J-FS : Non, c’est-à-dire le format c’était un format long qui avait été choisi, mais qui était

beaucoup plus court. Ça devait faire 1 minute 30, et en fait au montage les équipes se sont rendu compte que l’histoire était beaucoup plus intéressante en quatre minutes. Et l’idée ça a été ensuite de reporter tout le plan média, de passer de formats à peu près normaux à de formats beaucoup plus longs, mais d’en avoir très peu en fait. Je crois qu’il y a eu 15 passages en télé sur M6. Par contre en digital il y a eu pas mal de passages, et il y a eu une forte adhésion, avec plus de dix millions de vues en une semaine, je crois. Donc si tu veux il y avait la volonté de faire quelque chose de long, mais pas aussi long en tout cas. Ça a été un pari qu’on a pris.

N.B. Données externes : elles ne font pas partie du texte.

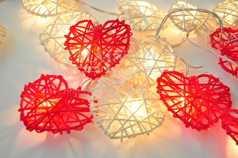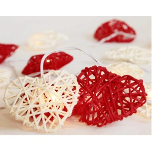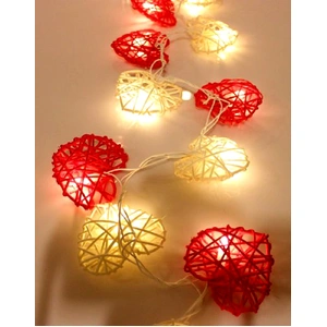 Red n White Rattan Heart String Fairy Lights
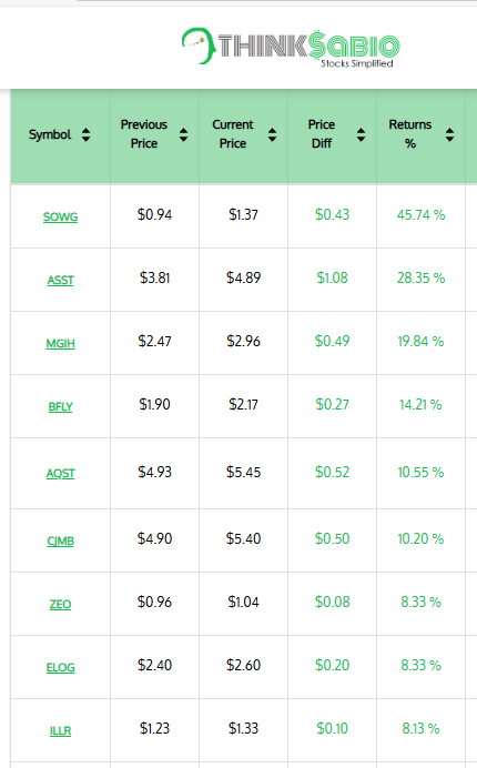 Gainers: #SOWG #ASST #MGIH #BFLY #AQST #CJMB #ZEO
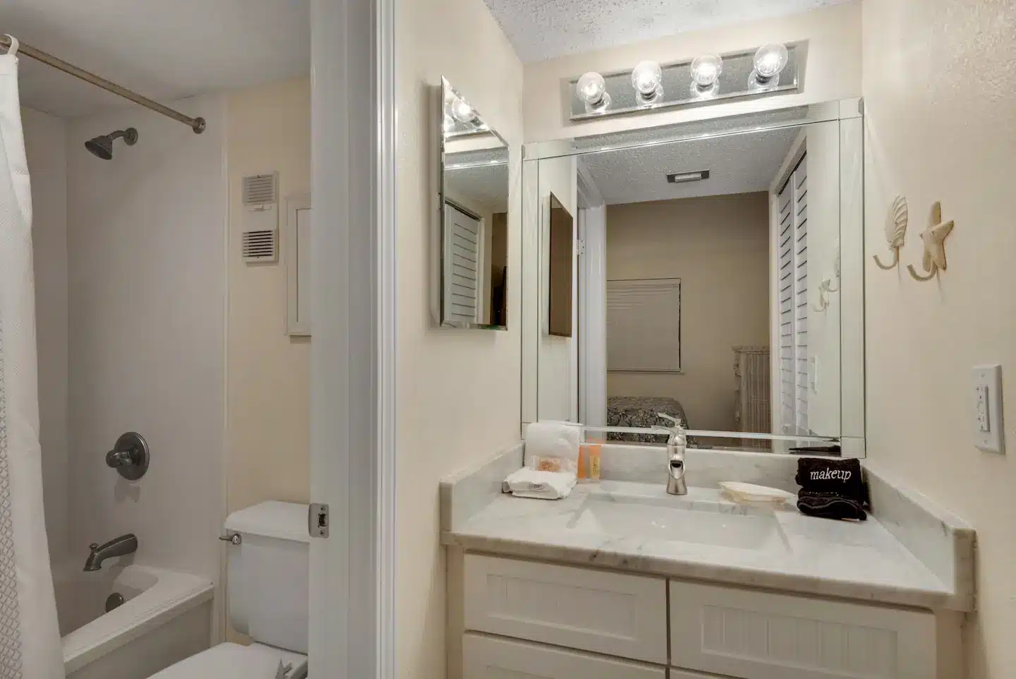 Last but not the least is this fully furnished 2BR/2BA condo is perfect for families, comfortably sleeping six. Each bedroom comes with a TV and private bathroom, giving everyone their own space.
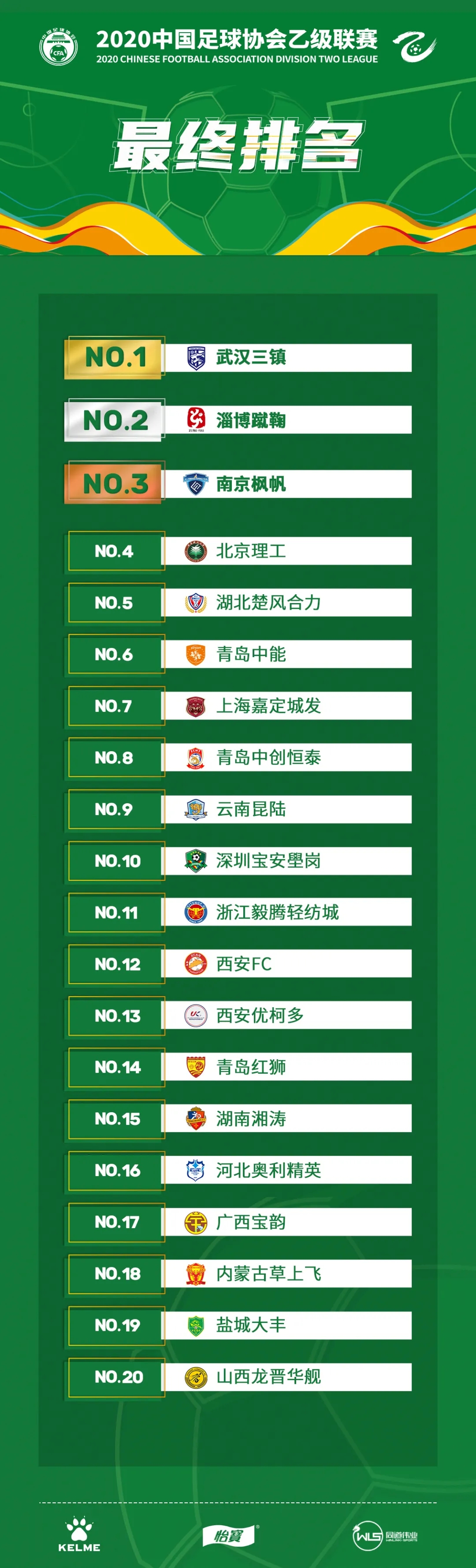 在這樣困難的一年中,中國足球的前行離不開各方、各部門、每一位參與者的付出。2020中乙聯賽的舉辦同樣離不開各方、各部門的大力支持,在此向所有人表示致敬和感謝。前路漫漫亦燦燦。讓我們明年中乙,不見不散!
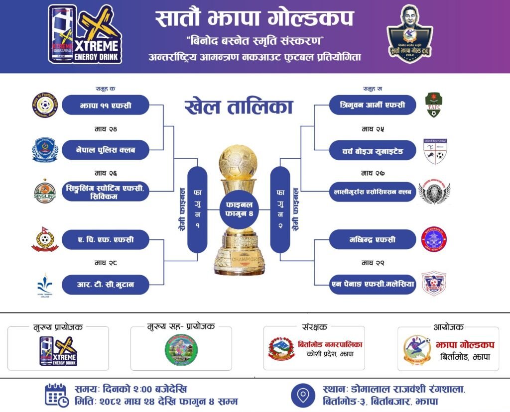 सातौँ झापा गोल्डकपको खेल तालिका सार्वजनिक
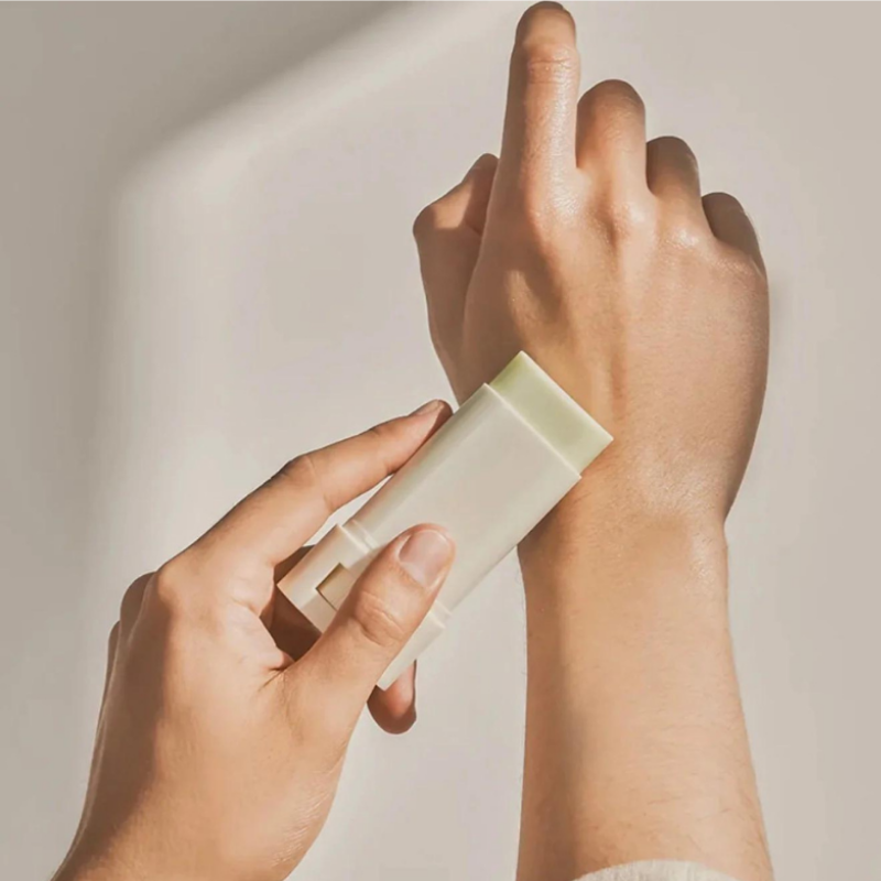 Solstiften er utrolig praktisk og kan let påføres direkte over makeup. Den er beriget med artemisia capillaris (mugwort), der giver en let, kølende følelse, mens grøn te-ekstrakt og camellia frøolie bidrager med fugt og beroligende pleje. Produktet er baseret på plantebaserede ingredienser og er desuden vandafvisende og parfumefri.

N : J’ai lu dans votre plan média que vous aviez proposé à des consommateurs de poursuivre

l’histoire et de vous envoyer la suite : est-ce que cette proposition a eu du succès et est-ce que vous avez des retours par rapport à ça ?

J-FS : Je ne pourrai pas te citer les chiffres exacts, mais il y a eu pas mal de gens qui ont

adhéré à cette histoire en pensant à la continuer. Nous on a fait un format d’une quinzaine d’épisodes, qui ont été diffusés sur le digital avec des suites différentes. Là il y a Jean-Patrick, le cofondateur de Rosapark avec moi, et il me dit qu’il y a eu deux millions de gens qui ont vu les fins digitales, qui n’étaient pas dans le format initial. Tu peux trouver ça sur le Web, il y a plusieurs chutes qui valorisent des produits différents à la fin, on s’amuse un petit peu avec la fin du film.

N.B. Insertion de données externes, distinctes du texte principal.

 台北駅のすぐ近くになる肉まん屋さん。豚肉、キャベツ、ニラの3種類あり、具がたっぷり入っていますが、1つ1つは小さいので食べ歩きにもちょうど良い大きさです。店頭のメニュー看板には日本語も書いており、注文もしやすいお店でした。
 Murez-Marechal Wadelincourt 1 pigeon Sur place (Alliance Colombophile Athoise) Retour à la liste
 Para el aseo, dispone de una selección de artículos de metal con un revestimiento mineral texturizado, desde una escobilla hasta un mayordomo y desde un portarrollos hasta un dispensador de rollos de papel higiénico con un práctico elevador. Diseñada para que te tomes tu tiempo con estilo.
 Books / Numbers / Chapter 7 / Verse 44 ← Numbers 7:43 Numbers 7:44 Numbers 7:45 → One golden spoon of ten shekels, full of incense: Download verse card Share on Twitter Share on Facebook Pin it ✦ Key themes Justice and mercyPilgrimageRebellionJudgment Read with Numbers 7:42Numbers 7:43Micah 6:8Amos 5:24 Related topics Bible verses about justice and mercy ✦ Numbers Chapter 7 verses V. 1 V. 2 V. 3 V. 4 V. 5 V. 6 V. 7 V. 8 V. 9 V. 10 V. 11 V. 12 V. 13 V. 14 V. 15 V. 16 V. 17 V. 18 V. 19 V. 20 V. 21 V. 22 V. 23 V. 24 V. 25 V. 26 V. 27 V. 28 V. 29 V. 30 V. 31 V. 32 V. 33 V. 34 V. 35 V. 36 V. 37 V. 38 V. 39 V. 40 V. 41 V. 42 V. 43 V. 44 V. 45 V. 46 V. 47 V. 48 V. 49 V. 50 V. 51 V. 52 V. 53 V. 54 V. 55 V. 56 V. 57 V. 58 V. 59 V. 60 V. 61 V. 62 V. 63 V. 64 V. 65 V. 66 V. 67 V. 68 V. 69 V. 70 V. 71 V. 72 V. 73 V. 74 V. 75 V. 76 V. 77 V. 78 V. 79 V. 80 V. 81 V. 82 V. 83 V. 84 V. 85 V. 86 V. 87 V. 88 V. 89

N : Et par rapport à la construction du récit, je trouvais ça intéressant le fait qu vous ayez choisi

des enfants, et de les faire grandir. Pourquoi avez-vous fait ce pari, c’était pour accentuer l’émotion ?

J-FS : Non non, il n’y a pas de machine à fabriquer de l’émotion, l’idée c’est de raconter une

histoire. Je pense que si je dois être un petit peu en attaque par rapport au film d’Intermarché, je pense que le film d’Intermarché est un excellent film, ce qu’on pourrait trouver en termes de bémols et de nuances, c’est qu’il est moins fort dans l’attribution à la marque, alors que le nôtre il joue sur les packagings, sur la spécificité de la marque. Je pense que c’est là où à mon avis, d’un point de vue créatif le film de Monoprix est fort, parce qu le film de Monorpix tu ne peux pas le mettre pour autre chose. Si tu veux la performance du film de Monoprix c’est d’avoir mis dans le discours narratif l’ADN de la marque, parce qu’on joue avec les packagings.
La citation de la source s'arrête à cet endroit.